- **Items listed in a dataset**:
*-*-*
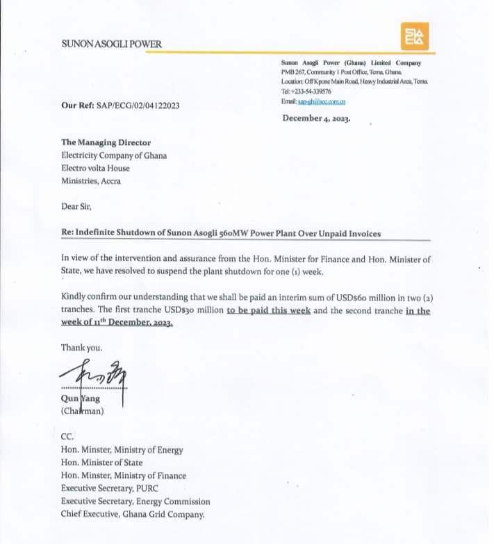The company, in a letter addressed to ECG and sighted by Citi News, reads: “Sunon Asogli Power (Ghana) Limited Company announces with regret an indefinite suspension of operations at the Sunon Asogli Power Plant, effective Monday, 4th December 2023 at 6 PM. This difficult decision became necessary due to avoidable delays in payment from the GoG/Electricity Company of Ghana for power supplied, as well as, the unproductive engagements to find an amicable solution” to the indebtedness.
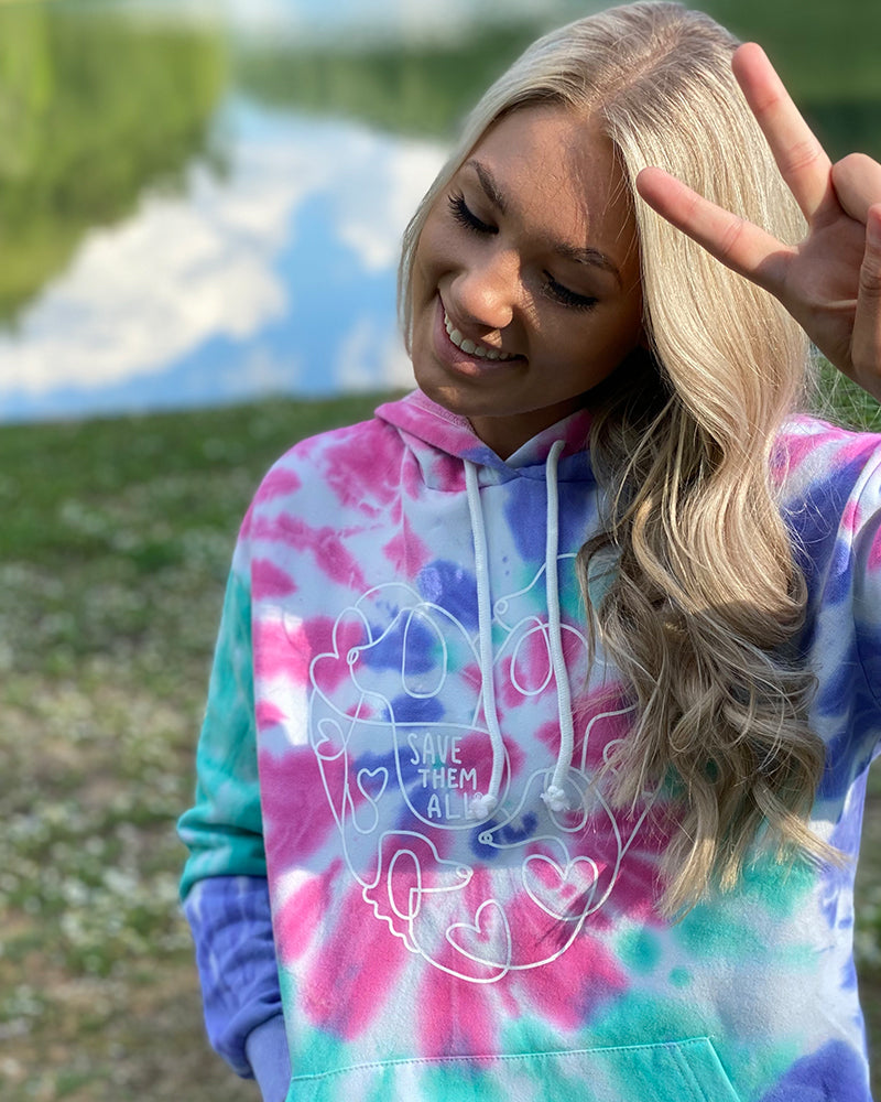 Pawz + Best Friends Animal Heart Outline Tutti Frutti Tie Dye Hoodie
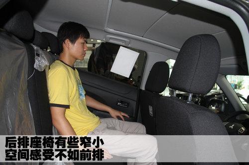 三菱ASX勁炫后排座椅靠背與坐墊的角度適中,不同身材體型的乘員在乘坐時(shí)能夠找到舒適的姿勢(shì)。但這款車(chē)的后排稍顯緊湊,頭部空間和腿部空間相對(duì)比較狹小。圖中的模特身高180厘米左右,頭部幾乎已經(jīng)要頂?shù)杰?chē)頂。
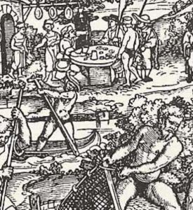 The woodcut shown here illustrates the Children of the Moon. As the ruler of the water sign Cancer, the Moon is the patron of all occupations involved with water: sailors, fishers, and millers who depend on water wheels. At the bottom right of the woodcut, a man hauls a fishing net, while another man stands in a shallow boat in the middle ground. Beyond the stream is a scene directly out of a Bagatto tarot card. Just as the Moon travels quickly across the sky, constantly changing as it goes, people whose occupation requires them to travel from place to place are children of the Moon. The Bagatto is doubly a child of the Moon because not only does he travel from town to town, but he cheats people with his card and dice games, and he practices deception with sleight-of-hand tricks.
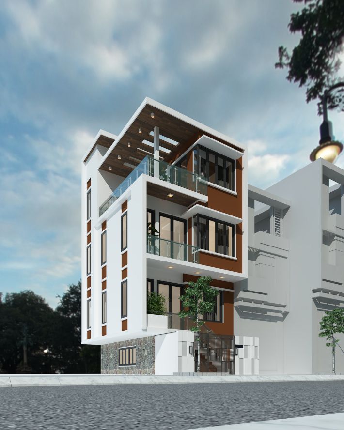 Mẫu nhà phố hiện đại 4 tầng với mặt tiền sử dụng đá marble màu nâu tay ban nha kết hợp với tường ốp gỗ tạo cho công trình thêm phần sang trọng. Ngôi nhà trở nên cá tính hơn với mặt tiền vát cạnh phá cách đầy ấn tượng, không đơn thuần chỉ là những diện tường thẳng hay ban công nhàm chán của mẫu nhà phố khác. Ngôi nhà phố 4 tầng trở nên nhẹ nhàng hơn khi các kiến trúc sư sử dụng những mảng, diện của kính lớn nhằm tạo ra không gian rộng thoáng đãng. Không chỉ chú trọng đến mặt tiền, các kiến trúc sư con kết hợp trồng cây xanh cũng như gạch Inax màu trầm mang lại tổng thể xanh, sạch, đẹp cho ngôi nhà.
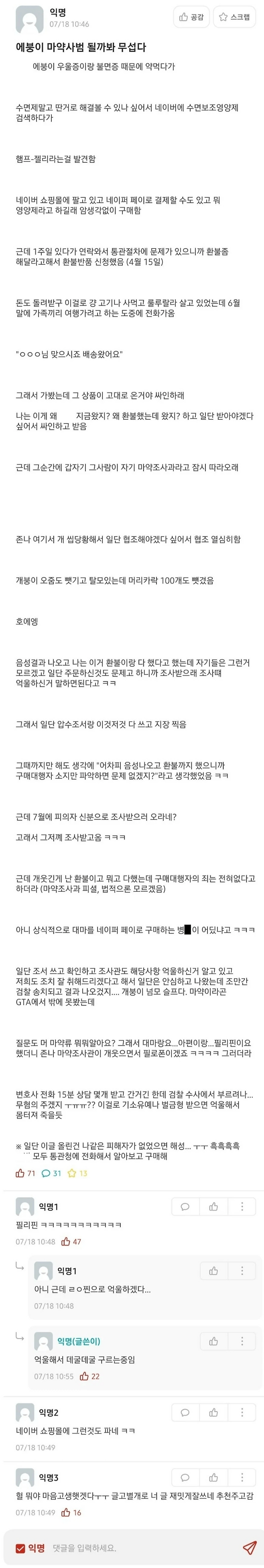 ³×À̹öÆäÀÌ·Î ¹è¼Û´ëÇà ÁÖ¹®Çß´Ù Åë°ü¿¡¼ °É¸°°ÅÀÓ. ÆÇ¸ÅÀÚ(ÇØ´ç ±¹°¡¿¡¼ ¿¡µðºí ÇÕ¹ýÀ̶ó´Â °¡Á¤ ÇÏ¿¡), ¹è´ëÁö´Â ´ç¿¬È÷ ¹ýÀû Ã¥ÀÓ ¾ø°í Á¶»ç°üÀº ÀÚ±â ÀÏ Á¦´ë·Î ÇÑ °Å.
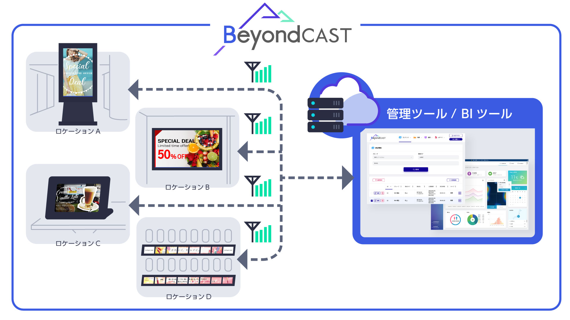 ・コンテンツ配信/管理機能(表示内容が確認できます) ※スケジュール機能/一括グループ機能 ・稼働状況確認機能(非稼働端末について即時に把握できます) ・接続端末管理機能(個別端末ごとに管理できます) ・クラウドストレージ機能(コンテンツ保管) |
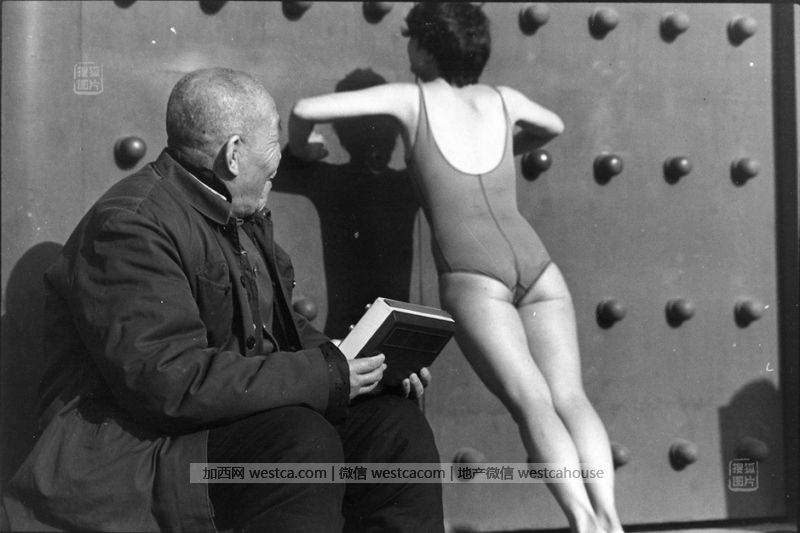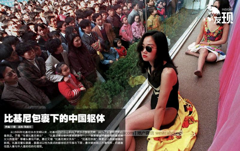 自從1946年比基尼泳衣發明以來,比基尼已經遠遠跳脫了游泳衣物的范疇,成為了眼球經濟的必備良品。於是“車展比基尼美女”、“比基尼美女助興某某旅游節”、“某某樓盤開盤現場比基尼美女火熱登場”等噱頭屢見不鮮。最近又增“比基尼美女洗車”,“比基尼京劇”等更讓人跌破眼鏡的新聞。比基尼看似暴露,暴露出以性為賣點的眼球經濟節操與下限,最關鍵的那叁片薄布料,仍蓋住國人羞與外人道的性倫理觀。圖為1995年3月29日,上海市南京路上壹個剛開業的服裝百貨商店舉行促銷活動,請兩位泳裝模特坐進櫥窗,此舉引起了數以萬人的圍觀。彼時的上世紀90年代,比基尼剛剛傳入中國,泳衣模特的促銷方式還是引起了國人極大好奇。
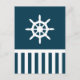 Nautical design with sailing wheel and blue and white stripes decoration on blue background
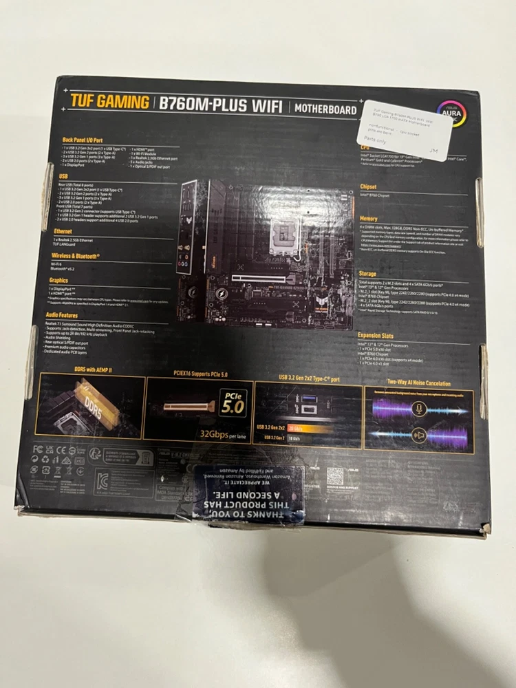 Compatible CPU Brand: Intel MPN: 90MB1ET0-M0AAY0 Form Factor: MicroATX Model: ASUS TUF Gaming B760M-PLUS WiFi Memory Type: DDR5 SDRAM Socket Type: LGA 1700/Socket V Brand: ASUS UPC: 197105121331 Most Suitable For: Gaming Input/Output Ports: DisplayPort, HDMI, Ethernet (RJ-45), USB 2.0, USB-C, USB 3.1 gtin13: 197105121331 Number of Memory Slots: 4 Expansion Slots: M.2, PCI Express 5.0x16, PCI Express 4.0x1, PCI Express 4.0 x16
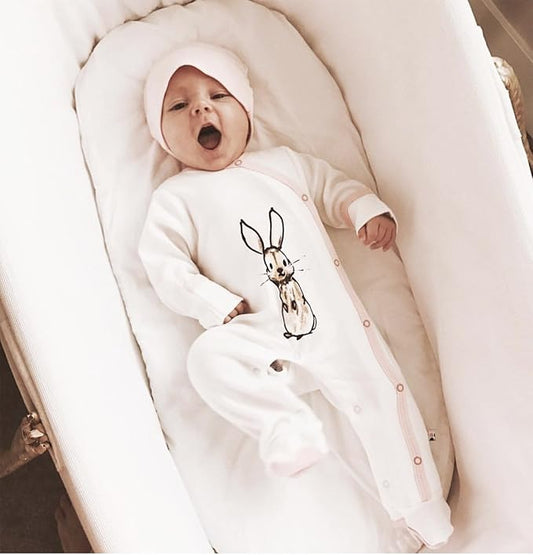 Babysoy Janey Baby Footed Pajamas - Organic Kimono Sleeper (0-3 Months, Rabbit/Peony)
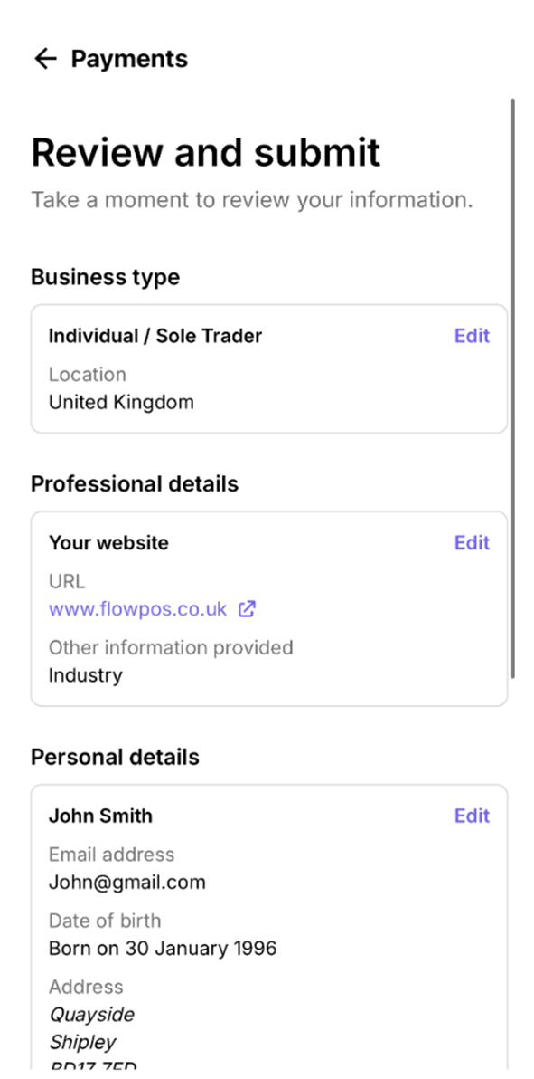Finally, review all the information you’ve entered to ensure it is correct, then submit your details. Your payment profile is now on boarded.
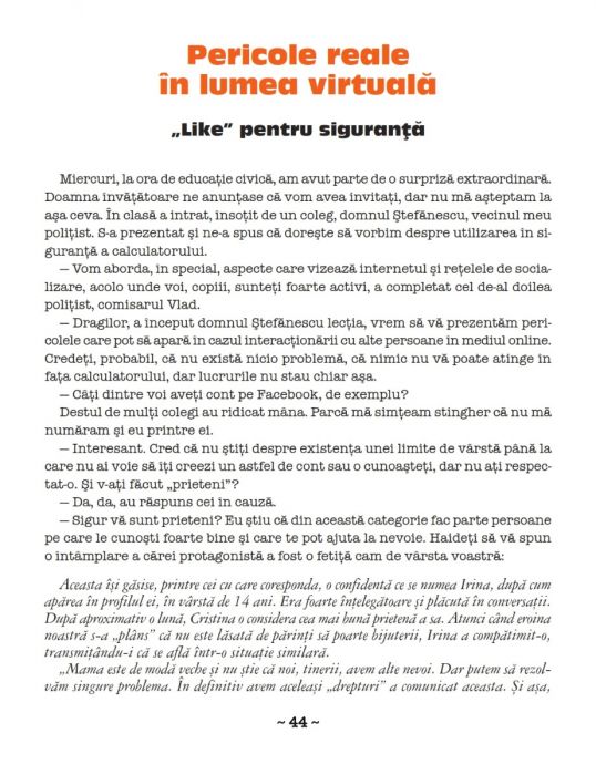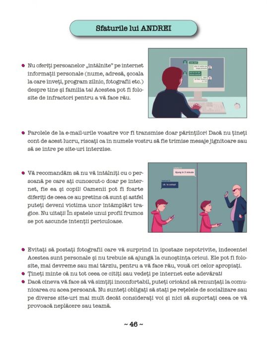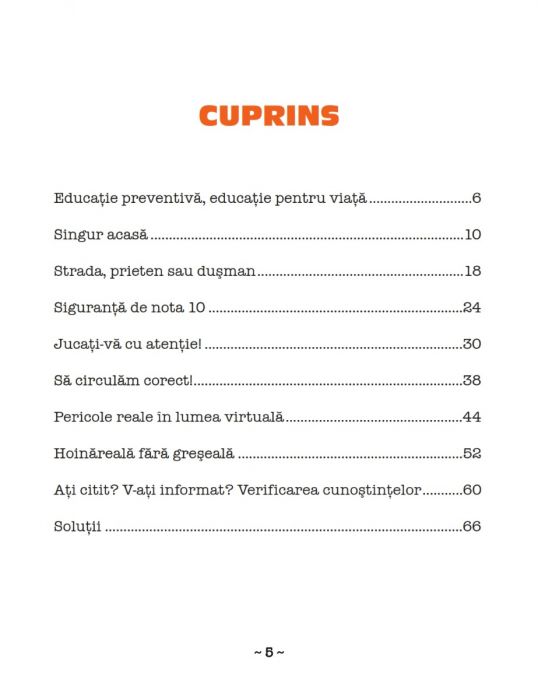 Povestirile, recomandările cu caracter preventiv, jocurile tematice și testele de evaluare vor contribui la însușirea unor măsuri de autoprotecție adecvate.
*-*-*
- **AIM OF THE EXERCISE**:
Leave every picture out and return exactly the lines from the one holding "Nautical design with" through the end of the records above, both ends included, and nothing more.

- **OUTPUT OF THE EXERCISE**:
 Nautical design with sailing wheel and blue and white stripes decoration on blue background
 Compatible CPU Brand: Intel MPN: 90MB1ET0-M0AAY0 Form Factor: MicroATX Model: ASUS TUF Gaming B760M-PLUS WiFi Memory Type: DDR5 SDRAM Socket Type: LGA 1700/Socket V Brand: ASUS UPC: 197105121331 Most Suitable For: Gaming Input/Output Ports: DisplayPort, HDMI, Ethernet (RJ-45), USB 2.0, USB-C, USB 3.1 gtin13: 197105121331 Number of Memory Slots: 4 Expansion Slots: M.2, PCI Express 5.0x16, PCI Express 4.0x1, PCI Express 4.0 x16
 Babysoy Janey Baby Footed Pajamas - Organic Kimono Sleeper (0-3 Months, Rabbit/Peony)
Finally, review all the information you’ve entered to ensure it is correct, then submit your details. Your payment profile is now on boarded.
 Povestirile, recomandările cu caracter preventiv, jocurile tematice și testele de evaluare vor contribui la însușirea unor măsuri de autoprotecție adecvate.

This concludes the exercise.